»»
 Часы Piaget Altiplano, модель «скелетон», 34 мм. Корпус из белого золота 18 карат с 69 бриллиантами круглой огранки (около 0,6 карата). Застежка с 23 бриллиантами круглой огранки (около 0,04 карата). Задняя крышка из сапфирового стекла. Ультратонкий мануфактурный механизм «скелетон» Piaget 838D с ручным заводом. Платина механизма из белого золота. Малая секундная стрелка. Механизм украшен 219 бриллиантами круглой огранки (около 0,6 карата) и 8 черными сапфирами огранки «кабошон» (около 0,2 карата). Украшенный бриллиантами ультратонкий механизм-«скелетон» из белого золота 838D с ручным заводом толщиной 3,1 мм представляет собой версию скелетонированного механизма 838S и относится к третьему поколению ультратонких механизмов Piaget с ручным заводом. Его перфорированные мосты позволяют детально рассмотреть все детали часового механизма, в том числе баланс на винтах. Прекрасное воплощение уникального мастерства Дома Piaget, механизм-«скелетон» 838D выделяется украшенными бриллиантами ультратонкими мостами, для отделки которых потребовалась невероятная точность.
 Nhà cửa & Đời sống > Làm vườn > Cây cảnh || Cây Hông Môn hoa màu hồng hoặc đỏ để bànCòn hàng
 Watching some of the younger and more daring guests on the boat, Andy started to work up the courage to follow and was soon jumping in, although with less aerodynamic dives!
««
»»
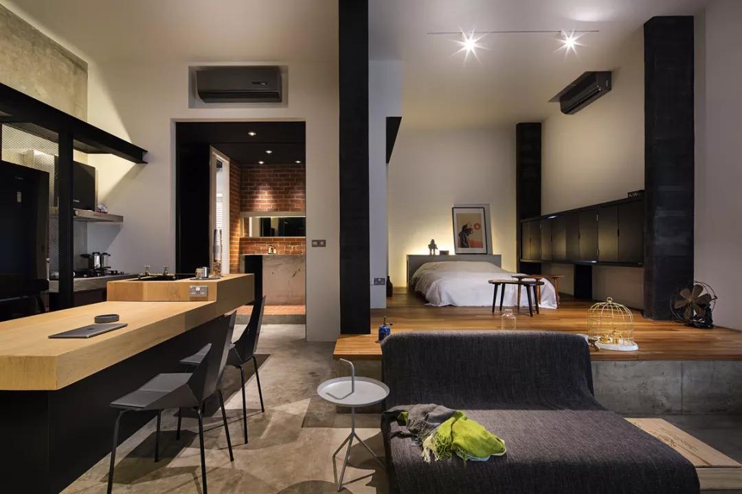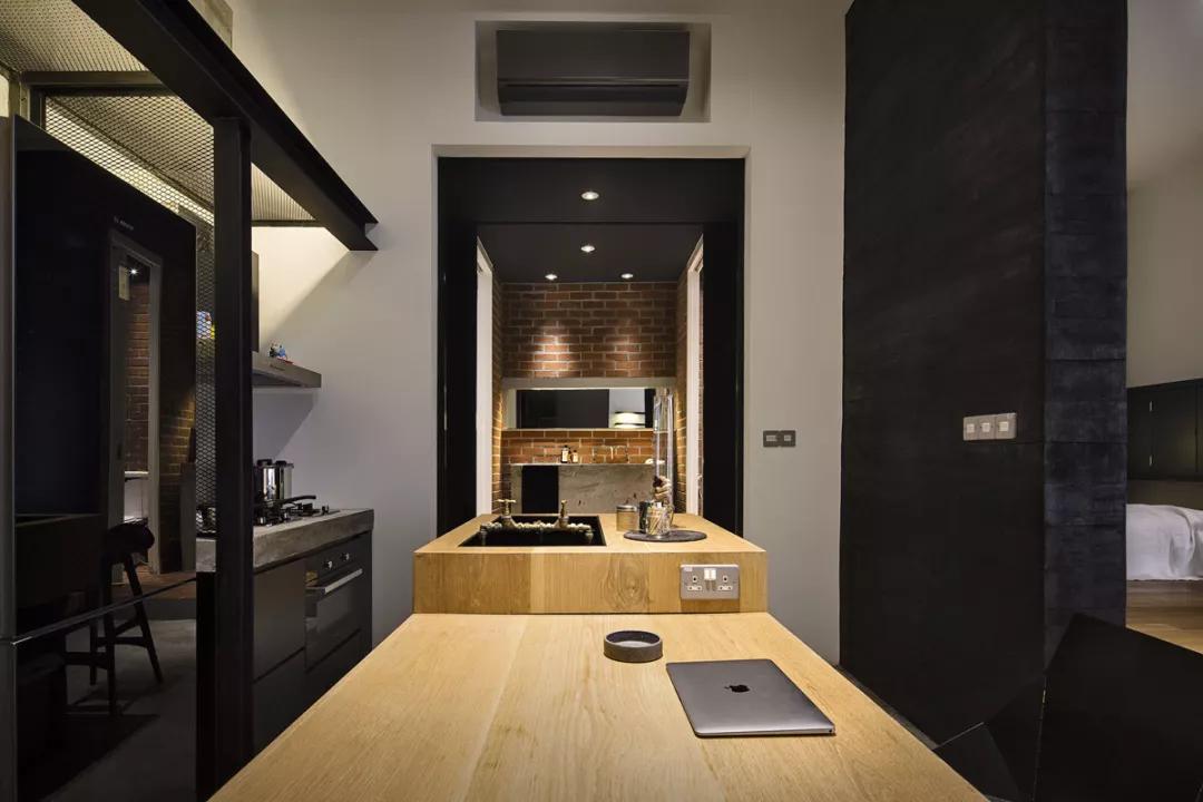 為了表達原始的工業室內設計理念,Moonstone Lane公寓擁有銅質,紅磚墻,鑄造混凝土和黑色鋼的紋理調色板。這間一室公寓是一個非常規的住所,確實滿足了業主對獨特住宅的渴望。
««
- Directions
Look back at the data above. Transcribe exactly the lines starting at the line that contains "Nhà cửa & Đời" and ending at the line that contains "Watching some of".

- Solution to this problem
 Nhà cửa & Đời sống > Làm vườn > Cây cảnh || Cây Hông Môn hoa màu hồng hoặc đỏ để bànCòn hàng
 Watching some of the younger and more daring guests on the boat, Andy started to work up the courage to follow and was soon jumping in, although with less aerodynamic dives!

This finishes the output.